## GOAL OF THE EXERCISE
Exactly the lines from the first line of the listing through the line containing "這款精緻的雙排扣西裝套裝融合了現代剪裁與休閒輪廓。" should appear in the output, unchanged.

____

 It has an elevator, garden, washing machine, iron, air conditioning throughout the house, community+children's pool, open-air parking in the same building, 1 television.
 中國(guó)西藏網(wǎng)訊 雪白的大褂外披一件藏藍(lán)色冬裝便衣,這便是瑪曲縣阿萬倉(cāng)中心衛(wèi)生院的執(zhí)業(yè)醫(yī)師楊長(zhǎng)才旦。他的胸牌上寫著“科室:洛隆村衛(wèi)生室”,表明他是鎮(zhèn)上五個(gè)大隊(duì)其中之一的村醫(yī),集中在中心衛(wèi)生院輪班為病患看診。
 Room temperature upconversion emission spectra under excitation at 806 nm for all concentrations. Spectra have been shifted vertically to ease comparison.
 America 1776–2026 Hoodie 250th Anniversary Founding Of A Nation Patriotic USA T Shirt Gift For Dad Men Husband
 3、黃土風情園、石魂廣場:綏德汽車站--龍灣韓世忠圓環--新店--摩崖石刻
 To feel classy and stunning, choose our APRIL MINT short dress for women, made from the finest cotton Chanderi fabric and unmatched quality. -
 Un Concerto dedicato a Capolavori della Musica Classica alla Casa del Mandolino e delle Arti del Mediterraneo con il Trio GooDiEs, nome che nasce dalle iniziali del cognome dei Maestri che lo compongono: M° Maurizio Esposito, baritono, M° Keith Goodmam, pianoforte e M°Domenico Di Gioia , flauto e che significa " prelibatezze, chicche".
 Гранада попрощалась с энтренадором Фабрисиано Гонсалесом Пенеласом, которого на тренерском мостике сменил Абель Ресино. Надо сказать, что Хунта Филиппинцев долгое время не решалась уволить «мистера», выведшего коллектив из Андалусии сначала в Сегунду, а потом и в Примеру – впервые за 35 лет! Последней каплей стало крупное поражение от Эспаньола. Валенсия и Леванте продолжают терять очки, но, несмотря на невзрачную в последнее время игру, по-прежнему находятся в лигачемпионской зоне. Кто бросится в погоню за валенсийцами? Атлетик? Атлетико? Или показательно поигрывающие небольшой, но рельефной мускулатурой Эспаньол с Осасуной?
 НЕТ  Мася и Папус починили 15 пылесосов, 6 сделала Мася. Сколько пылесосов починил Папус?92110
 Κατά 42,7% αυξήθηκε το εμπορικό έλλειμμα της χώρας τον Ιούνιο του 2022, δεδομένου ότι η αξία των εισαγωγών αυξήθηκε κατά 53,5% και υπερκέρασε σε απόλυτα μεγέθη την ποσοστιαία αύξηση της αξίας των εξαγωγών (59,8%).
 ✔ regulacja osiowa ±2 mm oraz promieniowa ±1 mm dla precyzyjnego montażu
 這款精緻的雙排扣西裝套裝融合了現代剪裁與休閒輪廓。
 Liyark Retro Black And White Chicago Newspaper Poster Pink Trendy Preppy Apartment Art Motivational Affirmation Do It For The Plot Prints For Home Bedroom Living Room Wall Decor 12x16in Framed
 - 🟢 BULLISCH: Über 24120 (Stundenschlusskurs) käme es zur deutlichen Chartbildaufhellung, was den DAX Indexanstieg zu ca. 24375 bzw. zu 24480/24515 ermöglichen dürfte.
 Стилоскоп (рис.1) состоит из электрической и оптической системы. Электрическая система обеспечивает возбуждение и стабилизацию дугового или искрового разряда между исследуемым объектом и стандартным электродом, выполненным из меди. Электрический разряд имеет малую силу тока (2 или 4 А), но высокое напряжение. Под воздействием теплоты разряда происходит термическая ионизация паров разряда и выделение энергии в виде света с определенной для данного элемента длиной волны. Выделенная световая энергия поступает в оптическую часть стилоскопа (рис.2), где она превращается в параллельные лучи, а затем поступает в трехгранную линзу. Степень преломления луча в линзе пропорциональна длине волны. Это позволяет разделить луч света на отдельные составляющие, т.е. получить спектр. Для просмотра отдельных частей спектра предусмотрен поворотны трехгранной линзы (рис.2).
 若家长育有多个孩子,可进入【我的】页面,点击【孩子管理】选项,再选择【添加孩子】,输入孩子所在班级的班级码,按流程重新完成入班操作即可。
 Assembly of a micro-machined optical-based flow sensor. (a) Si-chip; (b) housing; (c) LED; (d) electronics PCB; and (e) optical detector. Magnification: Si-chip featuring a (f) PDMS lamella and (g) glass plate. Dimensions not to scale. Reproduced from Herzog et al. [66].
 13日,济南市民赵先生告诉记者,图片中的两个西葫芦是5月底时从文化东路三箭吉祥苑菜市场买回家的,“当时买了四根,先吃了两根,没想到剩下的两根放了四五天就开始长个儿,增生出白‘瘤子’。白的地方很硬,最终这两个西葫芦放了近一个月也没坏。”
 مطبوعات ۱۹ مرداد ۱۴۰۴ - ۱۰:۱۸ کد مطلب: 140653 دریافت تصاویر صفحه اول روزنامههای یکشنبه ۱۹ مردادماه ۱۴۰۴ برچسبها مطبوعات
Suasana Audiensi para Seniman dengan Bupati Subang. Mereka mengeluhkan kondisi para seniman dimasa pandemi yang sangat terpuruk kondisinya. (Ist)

____

## ANSWER BOX
 It has an elevator, garden, washing machine, iron, air conditioning throughout the house, community+children's pool, open-air parking in the same building, 1 television.
 中國(guó)西藏網(wǎng)訊 雪白的大褂外披一件藏藍(lán)色冬裝便衣,這便是瑪曲縣阿萬倉(cāng)中心衛(wèi)生院的執(zhí)業(yè)醫(yī)師楊長(zhǎng)才旦。他的胸牌上寫著“科室:洛隆村衛(wèi)生室”,表明他是鎮(zhèn)上五個(gè)大隊(duì)其中之一的村醫(yī),集中在中心衛(wèi)生院輪班為病患看診。
 Room temperature upconversion emission spectra under excitation at 806 nm for all concentrations. Spectra have been shifted vertically to ease comparison.
 America 1776–2026 Hoodie 250th Anniversary Founding Of A Nation Patriotic USA T Shirt Gift For Dad Men Husband
 3、黃土風情園、石魂廣場:綏德汽車站--龍灣韓世忠圓環--新店--摩崖石刻
 To feel classy and stunning, choose our APRIL MINT short dress for women, made from the finest cotton Chanderi fabric and unmatched quality. -
 Un Concerto dedicato a Capolavori della Musica Classica alla Casa del Mandolino e delle Arti del Mediterraneo con il Trio GooDiEs, nome che nasce dalle iniziali del cognome dei Maestri che lo compongono: M° Maurizio Esposito, baritono, M° Keith Goodmam, pianoforte e M°Domenico Di Gioia , flauto e che significa " prelibatezze, chicche".
 Гранада попрощалась с энтренадором Фабрисиано Гонсалесом Пенеласом, которого на тренерском мостике сменил Абель Ресино. Надо сказать, что Хунта Филиппинцев долгое время не решалась уволить «мистера», выведшего коллектив из Андалусии сначала в Сегунду, а потом и в Примеру – впервые за 35 лет! Последней каплей стало крупное поражение от Эспаньола. Валенсия и Леванте продолжают терять очки, но, несмотря на невзрачную в последнее время игру, по-прежнему находятся в лигачемпионской зоне. Кто бросится в погоню за валенсийцами? Атлетик? Атлетико? Или показательно поигрывающие небольшой, но рельефной мускулатурой Эспаньол с Осасуной?
 НЕТ  Мася и Папус починили 15 пылесосов, 6 сделала Мася. Сколько пылесосов починил Папус?92110
 Κατά 42,7% αυξήθηκε το εμπορικό έλλειμμα της χώρας τον Ιούνιο του 2022, δεδομένου ότι η αξία των εισαγωγών αυξήθηκε κατά 53,5% και υπερκέρασε σε απόλυτα μεγέθη την ποσοστιαία αύξηση της αξίας των εξαγωγών (59,8%).
 ✔ regulacja osiowa ±2 mm oraz promieniowa ±1 mm dla precyzyjnego montażu
 這款精緻的雙排扣西裝套裝融合了現代剪裁與休閒輪廓。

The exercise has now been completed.